Base vs Realtime Models

Each variant ships with two FlowUNet models:

  • Base β€” unconditional generation. Good for ambient visuals, pool-based morphing, and general exploration.
  • Realtime (CFG) β€” trained with classifier-free guidance on audio features. Required for live audio-reactive performance where audio maps to visual effects via CFG conditioning.

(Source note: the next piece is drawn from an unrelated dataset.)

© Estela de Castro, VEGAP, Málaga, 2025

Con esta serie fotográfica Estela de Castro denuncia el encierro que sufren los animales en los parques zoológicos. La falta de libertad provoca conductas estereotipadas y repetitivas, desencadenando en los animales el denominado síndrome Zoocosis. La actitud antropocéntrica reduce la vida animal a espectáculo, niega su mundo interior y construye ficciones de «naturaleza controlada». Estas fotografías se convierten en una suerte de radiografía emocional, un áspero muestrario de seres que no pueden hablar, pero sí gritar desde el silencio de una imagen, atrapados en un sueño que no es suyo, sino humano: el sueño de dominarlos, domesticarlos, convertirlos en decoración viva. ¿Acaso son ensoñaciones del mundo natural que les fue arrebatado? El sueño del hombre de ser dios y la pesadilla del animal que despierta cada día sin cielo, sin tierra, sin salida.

Both model types share the same architecture (34M params) and are interchangeable at load time. The realtime models were trained with random audio labels (not semantic features) fixed per-image, so the model learns to distinguish conditioned vs unconditioned generation. At inference, real audio features are z-score normalized into the same range, and CFG amplifies the difference β€” the reactivity is emergent, not a learned "bass = dark" mapping.

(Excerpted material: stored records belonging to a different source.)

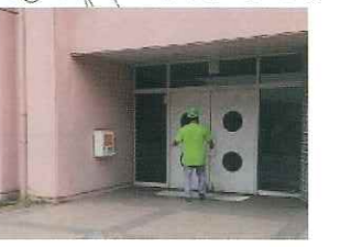
AED (すすかけ台小学校)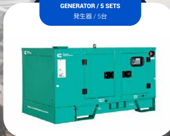
GENERATOR / 5 SETS 発電機 / 5台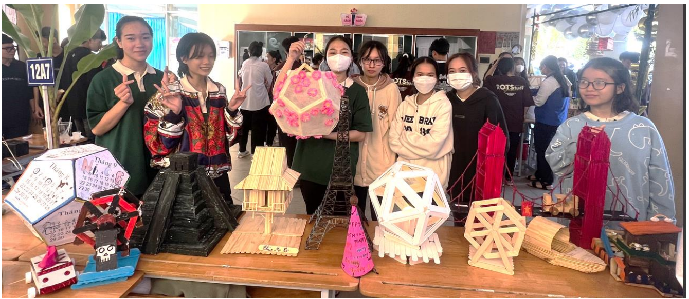
Các sản phẩm của lớp 12a7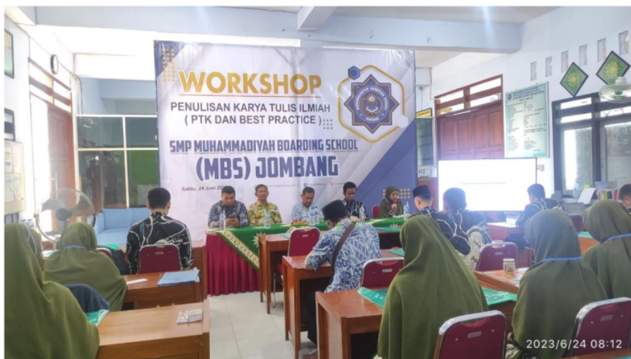
Gambar 2. Pelatihan Penelitian dan Publikasi

Setelah tercapai kesepakatan mengenai waktu dan teknis kegiatan, maka kegiatan pertama yang akan dilakukan adalah pelatihan pemdampingan bagi guru-guru. Kegiatan pelatihan dilakukan dengan harapan bahwa semua guru bisa terlibat dalam kegiatan ini karena semua guru memiliki potensi untuk menjadi peneliti dan penulis. Kegiatan ini diikuti oleh semua guru dari awal acara hingga penutupan (25 orang guru). Dengan demikian, persentase kepesertaan adalah 100%. Dokumentasi kegiatan ini disajikan pada Gambar 2.

For live performance, use the realtime models.

Model Variants

Abstract

File Type Params Description
easey-glyph-flow-abstract-v2.safetensors FlowUNet 34M Base (unconditional)
easey-glyph-flow-abstract-v2-realtime.safetensors FlowUNet 34M Realtime (CFG, audio-reactive)
easey-glyph-superres-abstract-v2.safetensors SuperRes 779K 32β†’256 upscaler (optional)

Nature

File Type Params Description
easey-glyph-flow-nature.safetensors FlowUNet 34M Base (unconditional)
easey-glyph-flow-nature-realtime.safetensors FlowUNet 34M Realtime (CFG, audio-reactive)
easey-glyph-superres-nature.safetensors SuperRes 779K 32β†’256 upscaler (optional)

Ukiyo-e

File Type Params Description
easey-glyph-flow-ukiyoe.safetensors FlowUNet 34M Base (unconditional)
easey-glyph-flow-ukiyoe-realtime.safetensors FlowUNet 34M Realtime (CFG, audio-reactive)
easey-glyph-superres-ukiyoe.safetensors SuperRes 779K 32β†’256 upscaler (optional)

Albums

File Type Params Description
easey-glyph-flow-albums.safetensors FlowUNet 34M Base (unconditional)
easey-glyph-flow-albums-realtime.safetensors FlowUNet 34M Realtime (CFG, audio-reactive)
easey-glyph-superres-albums.safetensors SuperRes 779K 32β†’256 upscaler (optional)

Pixel

File Type Params Description
easey-glyph-flow-pixel.safetensors FlowUNet 34M Base (unconditional)
easey-glyph-flow-pixel-realtime.safetensors FlowUNet 34M Realtime (CFG, audio-reactive)
easey-glyph-superres-pixel.safetensors SuperRes 779K 32β†’256 upscaler (optional)

Botanical

File Type Params Description
easey-glyph-flow-botanical.safetensors FlowUNet 34M Base (unconditional)
easey-glyph-flow-botanical-realtime.safetensors FlowUNet 34M Realtime (CFG, audio-reactive)
easey-glyph-superres-botanical.safetensors SuperRes 779K 32β†’256 upscaler (optional)

Darkpsy

File Type Params Description
easey-glyph-flow-darkpsy.safetensors FlowUNet 34M Base (unconditional)
easey-glyph-flow-darkpsy-realtime.safetensors FlowUNet 34M Realtime (CFG, audio-reactive)
easey-glyph-superres-darkpsy.safetensors SuperRes 779K 32β†’256 upscaler (optional)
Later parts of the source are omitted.